_Supplied material:_
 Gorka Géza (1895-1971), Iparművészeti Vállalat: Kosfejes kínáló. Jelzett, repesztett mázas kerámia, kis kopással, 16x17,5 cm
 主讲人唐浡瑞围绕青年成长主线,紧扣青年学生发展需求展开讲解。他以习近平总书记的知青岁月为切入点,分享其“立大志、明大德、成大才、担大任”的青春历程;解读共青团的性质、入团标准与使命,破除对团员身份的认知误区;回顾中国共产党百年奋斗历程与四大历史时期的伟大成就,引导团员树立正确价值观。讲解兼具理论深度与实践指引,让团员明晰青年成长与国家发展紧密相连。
==
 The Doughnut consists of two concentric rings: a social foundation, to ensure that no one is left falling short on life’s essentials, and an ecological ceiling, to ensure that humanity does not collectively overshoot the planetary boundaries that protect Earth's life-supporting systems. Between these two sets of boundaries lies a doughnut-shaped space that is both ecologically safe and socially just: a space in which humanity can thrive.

_Exercise brief:_ Retype only the lines above between the line with "Gorka Géza (1895-1971), Iparművészeti" and the line with "主讲人唐浡瑞围绕青年成长主线", counting those two lines as well, and keep every character as it is.

_Solution below:_
 Gorka Géza (1895-1971), Iparművészeti Vállalat: Kosfejes kínáló. Jelzett, repesztett mázas kerámia, kis kopással, 16x17,5 cm
 主讲人唐浡瑞围绕青年成长主线,紧扣青年学生发展需求展开讲解。他以习近平总书记的知青岁月为切入点,分享其“立大志、明大德、成大才、担大任”的青春历程;解读共青团的性质、入团标准与使命,破除对团员身份的认知误区;回顾中国共产党百年奋斗历程与四大历史时期的伟大成就,引导团员树立正确价值观。讲解兼具理论深度与实践指引,让团员明晰青年成长与国家发展紧密相连。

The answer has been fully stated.